MATERIAL PROVIDED -
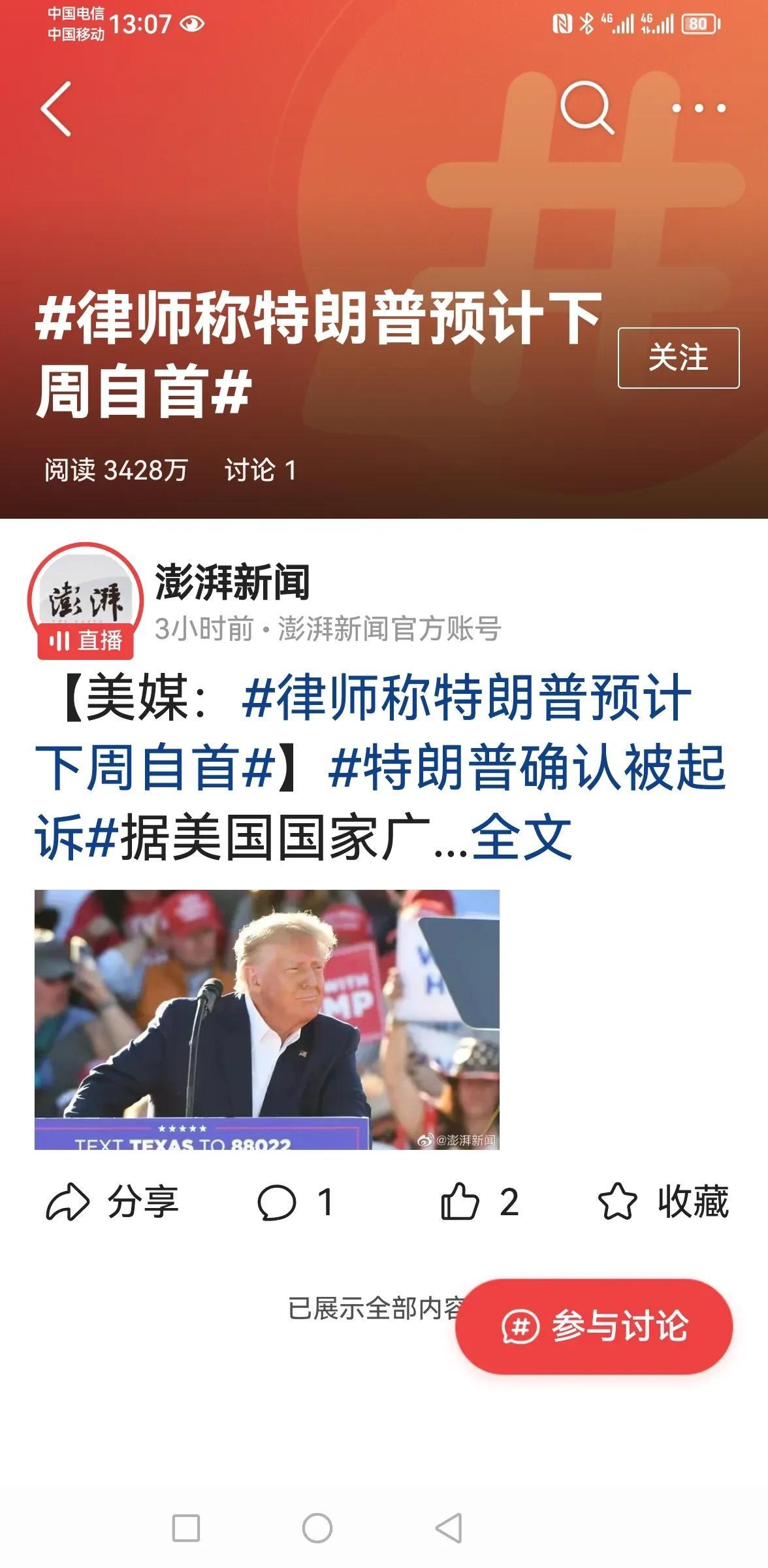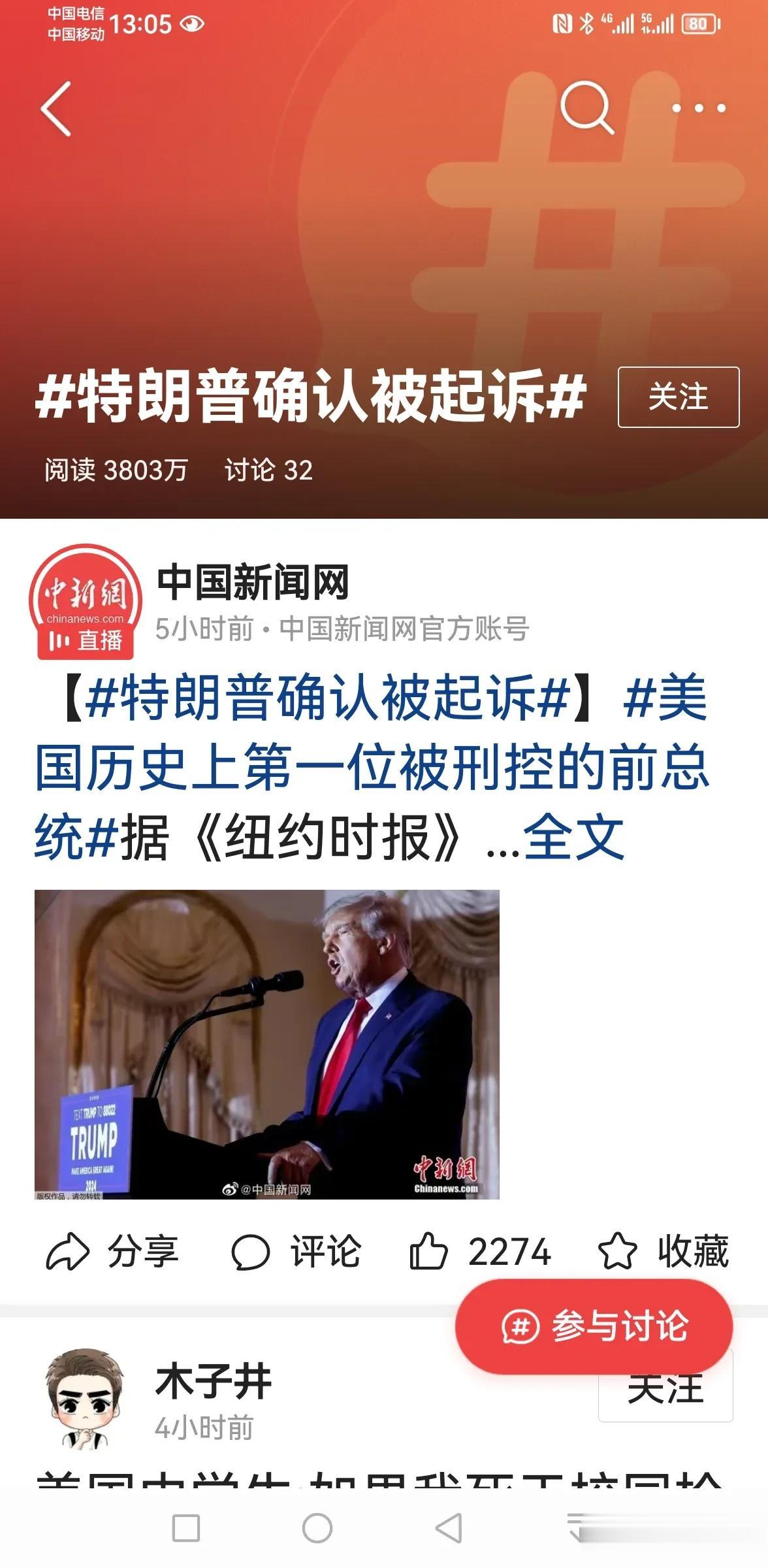 【寰球• 时事-国际观察-2023-566】【特朗普回应被起诉:是最高级别政治迫害】 既然是最高级别的政治迫害,特朗普就赶紧地号召粉丝们,拿起武器,冲进国会,活捉迫害你的刽子手!将政治迫害你的人,也绳之以法! 美国是民主国家,法律面前人人平等。特朗普应丢掉幻想,准备斗争。
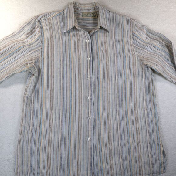 LL Bean 100% Linen Shirt Womens Medium Long Sleeve Striped
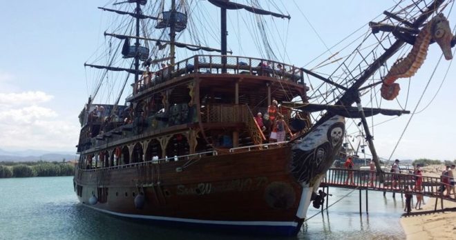 Лодка в стиле пиратского корабля отправляется в круиз по реке Манавгат примерно на час, окруженная пышной природой 🍃🌅

YOUR ASSIGNMENT -
Restate the data above word for word, omitting every picture.

RESPONSE AREA -
 【寰球• 时事-国际观察-2023-566】【特朗普回应被起诉:是最高级别政治迫害】 既然是最高级别的政治迫害,特朗普就赶紧地号召粉丝们,拿起武器,冲进国会,活捉迫害你的刽子手!将政治迫害你的人,也绳之以法! 美国是民主国家,法律面前人人平等。特朗普应丢掉幻想,准备斗争。
 LL Bean 100% Linen Shirt Womens Medium Long Sleeve Striped
 Лодка в стиле пиратского корабля отправляется в круиз по реке Манавгат примерно на час, окруженная пышной природой 🍃🌅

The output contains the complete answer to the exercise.